The occupants of these hotels will not only help your garden plants thrive, but also protect them from uninvited pests.
PUBLISHED MAY 8, 2025
Person displays a small-sized wooden insect hotel with a hut-shaped roof (Representative Cover Image Source: Pexels | Jakub Zerdzicki)
Person displays a small-sized wooden insect hotel with a hut-shaped roof (Representative Cover Image Source: Pexels | Jakub Zerdzicki)

If the garden were a living organism, then both birds and bugs would be valuable contributors to its health. Bugs are the creepy whisperers that catalyse the production of some of the juiciest fruits through pollination. Jumping from flower to flower, while sipping its nectar, the sticky pollen in the male part of the flower attaches itself to the insect’s body. So, when their body rubs against another flower, the pollen gets deposited on the female part of that flower, triggering the fertilization and reproduction process, per BBC. Essentially, birds love insects, and insects love flowers. This chain of love affairs is what keeps the garden breathing, peppy, and alive.
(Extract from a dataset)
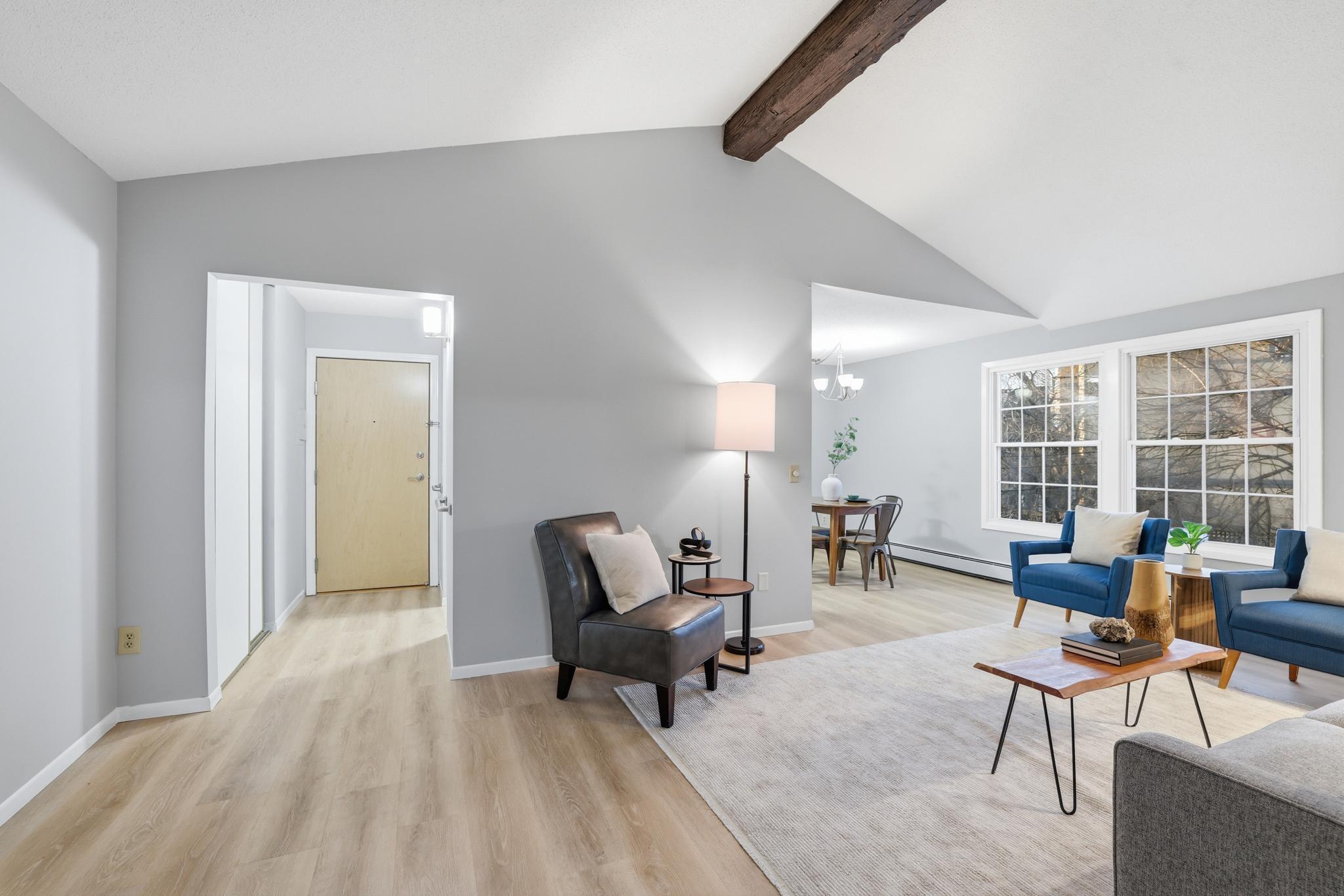 Vaulted Ceilings and Privacy. Upper level updated throughout. Garage and assigned parking. Enjoy the amenities that make life easier. HOA pays all utilities, except electric! very Convenient Location

An insect hotel standing in a garden (Representative Image Source: Pexels | Magda Ehlers)
An insect hotel standing in a garden (Representative Image Source: Pexels | Magda Ehlers)

This is both good and bad news. Good because you now have a reason to cherish these prodigious pollinators that may sneak into your garden, even if uninvited. And bad because studies have shown that the insect population has collapsed by about 45% in the last 40 years, according to Spectrum News 1. This emerges as a threat to the larger bird population that thrives on worms and insects as food. The solution to this: insect hotels. Insect hotel, as the name suggests, is an accommodation you design for the good insects you’d like to invite and see in your garden space.  

Hut-shaped insect hotel dangling from a tree branch (Representative Image Source: Freepik)
Hut-shaped insect hotel dangling from a tree branch (Representative Image Source: Freepik)

“Native bees and flies play a crucial role in ecosystems, both as pollinators and food for birds. You can provide insects with a nesting habitat in the form of insect hotels. These small gestures can make a huge difference,” environmental science experts, Rochelle Steven and David Newsome from Murdoch University, write in The Conversation. An insect hotel is a win-win situation for everyone: the birds, the insects, and you, the gardener a.k.a. bird keeper. While insects receive free accommodation for survival and breeding, you receive a bounty of flowers and fruits as they pollinate and reproduce the seeds.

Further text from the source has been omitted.